I must say Obama’s election has brought me to a point in life that I actually find myself seeing color. I have had black friends, a black boyfriend, a Muslim friend, Indian friends both native and of India, Mexican friends …
You know what I really don’t get is why it is supposed to matter? After all is not that the very issue, the entire minority (now it is the whites I believe are the minority) have been fighting about, the fact that it is such an issue?
They say skin color shouldn’t matter, and I agree, but it matters with affirmative action when once in play and still in some areas, and the fact that we are white, can and sometimes is held against us, even though we may very well be the brighter person in a given situation, or maybe the Mexican is, or the Indian, or the black person.
Please forgive me … to anyone I may offend by my words. I am only trying to speak here, but I never even really noticed or looked at color until at this time finding myself in this precarious position with this black women and I have no clue as to what it is I did to offend her. I realize we had differences on politics but that is politics. I didn’t choose Obama, but the reason was not for that he was a black man.
I raised my hand in a customer relation situation to quietly convey to her please, I am engaged with a guest would you mind quieting down or asking me whatever she wants to ask later and she claims it means f-her. I would never say that to someone, unless provoked awkwardly, and I haven’t felt it was in that sense that it was meant. My thoughts were that she was trying to help. I have never in my twenty-five years of hospitality yelled at another staff member or employee in or out of an office. Loud voice maybe, but never yelling, and I would definitely never use the f-word. I just don’t feel it is appropriate.
I am afraid to say would you like your coffee black, or is it the chocolate donut that you wanted? I find her picking on every fault that I make, saying that I mess up a lot, but what she doesn’t understand is the uncomfortable feelings the situation brings with her that really hampers me, and I am not sure how to solve the issue. I really am only down there a few days or even one now filling in so …

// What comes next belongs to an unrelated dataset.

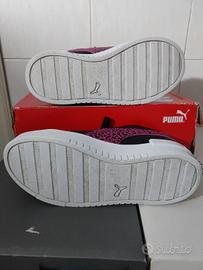 Scarpe da ginnastica della Puma da bambina,con lacci,suola in gomma bianca ed inserti fucsia laterale. Misura 34

I have been in customer relations for over twenty-five years, she is younger and has around five years, and I feel like it’s a literal pissing match. Forgive the saying, and I don’t like it at all. I do not enjoy it, I like to have fun on my job and without her, I do guest services of over $600 and I do not miss a beat. Well almost anyway.

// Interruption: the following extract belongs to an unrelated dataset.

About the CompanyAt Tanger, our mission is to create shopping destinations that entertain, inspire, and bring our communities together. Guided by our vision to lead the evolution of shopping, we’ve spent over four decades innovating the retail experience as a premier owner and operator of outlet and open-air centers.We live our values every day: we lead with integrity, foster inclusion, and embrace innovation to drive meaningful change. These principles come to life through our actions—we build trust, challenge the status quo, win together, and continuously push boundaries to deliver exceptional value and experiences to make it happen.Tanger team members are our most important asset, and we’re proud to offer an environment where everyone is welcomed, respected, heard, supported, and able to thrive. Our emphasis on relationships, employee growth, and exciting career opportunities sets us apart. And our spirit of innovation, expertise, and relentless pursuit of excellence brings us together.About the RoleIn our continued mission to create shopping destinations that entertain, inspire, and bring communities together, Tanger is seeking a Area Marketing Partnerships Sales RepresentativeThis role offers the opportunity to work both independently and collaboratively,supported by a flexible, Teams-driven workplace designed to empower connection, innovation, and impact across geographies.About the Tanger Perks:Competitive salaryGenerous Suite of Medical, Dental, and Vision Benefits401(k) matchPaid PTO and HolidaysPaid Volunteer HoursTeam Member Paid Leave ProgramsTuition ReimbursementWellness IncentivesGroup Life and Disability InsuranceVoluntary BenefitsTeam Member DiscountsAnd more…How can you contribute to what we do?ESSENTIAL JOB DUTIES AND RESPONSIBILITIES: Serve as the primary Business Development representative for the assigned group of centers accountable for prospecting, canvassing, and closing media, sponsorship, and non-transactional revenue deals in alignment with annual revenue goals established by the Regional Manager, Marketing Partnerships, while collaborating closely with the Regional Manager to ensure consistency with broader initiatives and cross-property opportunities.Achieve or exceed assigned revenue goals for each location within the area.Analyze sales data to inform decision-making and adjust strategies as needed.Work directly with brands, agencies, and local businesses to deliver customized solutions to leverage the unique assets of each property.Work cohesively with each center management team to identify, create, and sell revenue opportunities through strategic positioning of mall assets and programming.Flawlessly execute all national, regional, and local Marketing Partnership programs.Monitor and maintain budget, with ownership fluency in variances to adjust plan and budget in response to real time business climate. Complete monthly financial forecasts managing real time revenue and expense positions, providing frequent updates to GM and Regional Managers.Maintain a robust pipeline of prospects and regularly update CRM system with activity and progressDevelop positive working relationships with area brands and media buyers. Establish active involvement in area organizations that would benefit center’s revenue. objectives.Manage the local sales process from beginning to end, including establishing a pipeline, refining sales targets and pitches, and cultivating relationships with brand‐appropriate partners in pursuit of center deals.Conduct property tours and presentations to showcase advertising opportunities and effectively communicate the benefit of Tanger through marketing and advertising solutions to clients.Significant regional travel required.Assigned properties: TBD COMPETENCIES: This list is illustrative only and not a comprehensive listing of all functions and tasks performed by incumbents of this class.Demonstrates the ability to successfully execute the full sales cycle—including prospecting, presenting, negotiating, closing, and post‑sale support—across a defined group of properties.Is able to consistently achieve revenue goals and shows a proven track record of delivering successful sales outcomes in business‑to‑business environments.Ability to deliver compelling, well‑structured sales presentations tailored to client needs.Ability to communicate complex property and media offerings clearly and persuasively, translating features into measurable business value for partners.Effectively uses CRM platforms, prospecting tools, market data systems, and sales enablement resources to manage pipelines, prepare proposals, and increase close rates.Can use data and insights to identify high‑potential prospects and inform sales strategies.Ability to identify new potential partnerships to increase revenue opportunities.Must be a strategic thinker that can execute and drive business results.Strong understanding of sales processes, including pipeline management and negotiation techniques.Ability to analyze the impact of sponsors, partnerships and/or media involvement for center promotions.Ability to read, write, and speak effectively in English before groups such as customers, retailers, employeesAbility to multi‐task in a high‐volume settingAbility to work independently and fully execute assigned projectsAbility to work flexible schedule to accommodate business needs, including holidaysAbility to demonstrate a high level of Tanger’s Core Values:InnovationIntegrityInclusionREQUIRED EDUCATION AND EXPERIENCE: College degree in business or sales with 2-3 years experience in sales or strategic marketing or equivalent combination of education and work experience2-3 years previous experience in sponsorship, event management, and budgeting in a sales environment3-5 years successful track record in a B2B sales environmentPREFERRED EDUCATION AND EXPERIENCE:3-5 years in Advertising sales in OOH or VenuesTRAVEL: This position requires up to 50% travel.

We have four sometimes along with another younger girl who has taken the train with her, and although a little bit different of job description and duty, with all of us we cannot seem to manage a $400 day, without some sort of screaming match.
I wish to be removed from the situation actually, still want my job, there are two separate identities … but am afraid of the possible retaliation effects from her. There is also this other girl, also younger, she has teamed up with it seems, she is at the other place I work at on the weekends, and she makes comments I literally just want to slap her on. In the Mom versus bratty kid area. I started out trying to help her learn the business; it can be a tough one.
I am a jack-of-all-trades but a master of none! I have managed, but have actually been trying to find the right place for it, I will again, maybe later on even here, but for now I would just like to see the dust settle on this.
Not that I do not have people I can approach for answers, I find myself paranoid from past experiences of let’s say trying to openly communicate. Too much offense is taken, maybe I say it wrong, but if there are managers of hospitality out there who may be able to give girl a bit of advice, I might be inclined to take it. I am that paranoid though and would wonder who ever might be giving it to me may be also.
I know I can be tough sometimes when quoting or that, but it is usually due to lack of space or sometimes time. I am a bartender a lot, you must have diplomacy for that. I am also a winey and foodie and for that you must have the finesse along with the knowledge. I know the biz like the back of hand, not perfect but close. I have just liked to be good at what I do.
I have dealt with similar situations from the above point advantage (managing), but hey, California is a fire and hire state on the site. If it is a harassing issue on the job the answer is BYE-BYE. And it has been more havoc than just for me, it has been for others. Some make it turn around and make it seem like you are the bad guy though.
They did tell one of the managers they were afraid of me, then they had no problem, playing the instigators of irritation, and then tell me if I didn’t listen to them, I would be let go. They were not the manager. Nor were they training me. You could almost say this situation is well, black and white?
Anyway, interesting, isn’t it. Colorblind and now I am not. Is that a good thing or a bad thing? Some colors to me luckily are very beautiful and culturally intensive. They must be understood to see the beauty. Not all may agree in the sequences, but everything in a way can offer its own passed down traditions and charms.
Some are also of ultra hatred as I have noted some in previous writings. It’s brutal hatred, as a matter of fact.